In Memoriam: Why I Am A Christian

CW mom and dad.jpg
My mother’s memorial service helped me realize just how much she and my father shaped my perception regarding what it means to be Christian. This should not surprise me because our faith is embodied and learned incarnationally, not theoretically.

At my mom’s remarkable memorial service (Tuesday) people reflected on the glow of her face and smile and I heard Psalm 34:5. “Those who look to Him [the Lord] are radiant and their faces shall never be ashamed.”

Many talked about her being their “mother” in the faith, a tribute to her spiritual parentage of literally thousands of people. Ruth Brown remembered what it was like to be a young woman who could always phone Esther and ask her what to do.

One woman wrote that she was afraid to teach Sunday School because she was a new Christian and shy, and my mom encouraged her that God uses us as we are with our unique gifts and talents. (This of course has been a huge theme of my own teaching. Wonder where I discovered it?)

Her wonderful quick wit was revealed. Dave Clark was once lost in the dark at camp and out of nowhere came my mother with a flashlight. He quipped, “there she is Mother Superior,” to which my mother replied immediately, “David you are right! I AM a mother and I AM superior!”

Mom was strong and competent, but understood her need of a partner.
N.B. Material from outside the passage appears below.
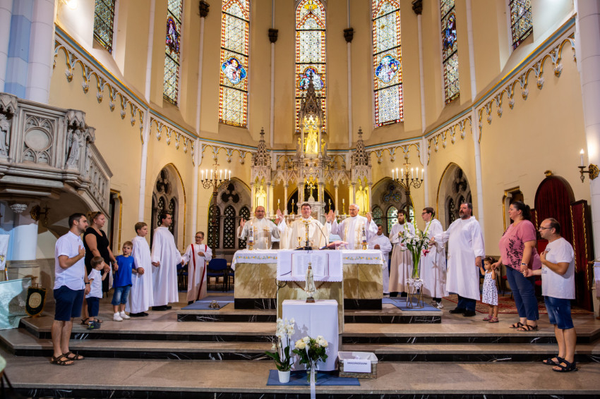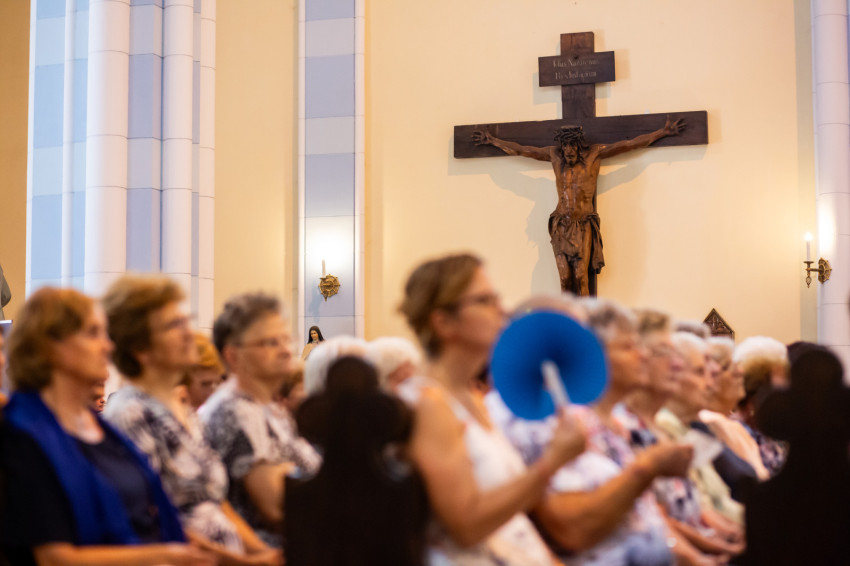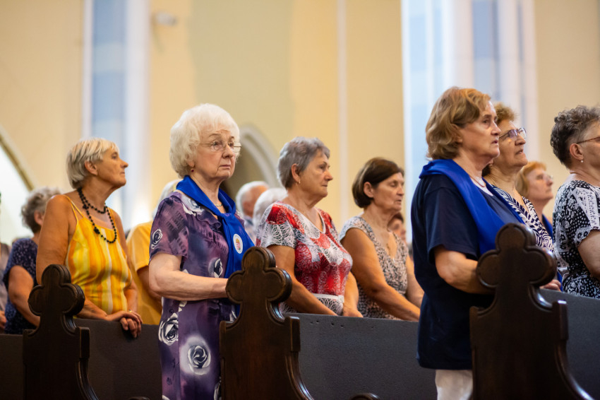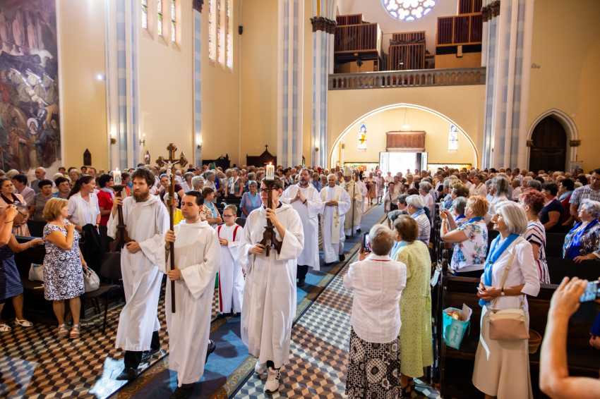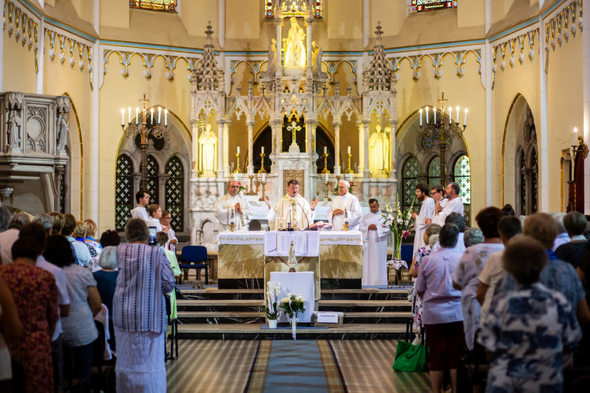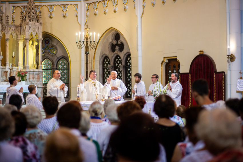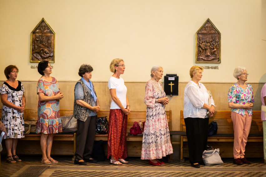 Talán az év legforróbb napja volt augusztus 26., mégis majdnem ezer asszony jött el vagy hatvan különböző plébánia Szent Mónika-közösségeiből az ország számtalan pontjáról, hogy közösen töltekezzenek, elmélkedjenek, imádkozzanak, valamint hálát adjanak a szentmisében, melyen Nagy Károly, a Rózsafüzér Királynéja-templom plébánosa és Kürtösi Krisztián, a közösség lelkivezetője koncelebrált a szombathelyi segédpüspök mellett.

She considered going to the mission field unmarried, but said she decided against it because she realized she would have been like an “unguided” missile.

Her willingness to play support roles was especially true as an accompanist. She was wonderfully sensitive and talented as a musician, but any soloist she worked with understands what one musician said at the memorial, “with Esther at the keyboard, I knew I could sing the song backwards and Esther would have covered my error, following me, complimenting my flawed rendition and making it beautiful. (I think that is called grace!).
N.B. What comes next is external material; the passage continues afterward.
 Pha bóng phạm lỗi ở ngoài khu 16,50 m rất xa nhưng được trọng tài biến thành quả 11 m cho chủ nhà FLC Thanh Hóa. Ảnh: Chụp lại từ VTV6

Tommy Martin, (my brother-in-law), shared how mom pursued God, valued people over things, (really valued things ONLY as a reminder of the people who they were connected to), and epitomized love. She became all this, not because her life was easy, but because she chose to look up, especially when circumstances were difficult.

Jimmy Sellers, a lifelong friend, remarked that at one time we actually thought our family’s were normal, and only later in life realized the stewardship responsibility we felt because our parent’s are SO EXTRAORDINARY!

AS a son, I can say my parents gave us kids perhaps the most wonderful gift of all in their demonstrable love for each other. There was never any instability or uncertainty in our home regarding whether my parents would stay with it or survive, because we knew so long as they had God and each other, they could handle the heartaches of this fallen world even when it was displayed in each other (they weren’t perfect)

My mother’s final gift of love was in her warm and joyful spirit that shone even through her Alzheimer’s. She knew my father’s face until the very end. Just days before she died she told one of her care givers, “my husband Dick is wonderful.”

I know that she waited to die until my father was ready to let her go, and I know he only let her go because he loved her and it was in her interest and the loving thing to do.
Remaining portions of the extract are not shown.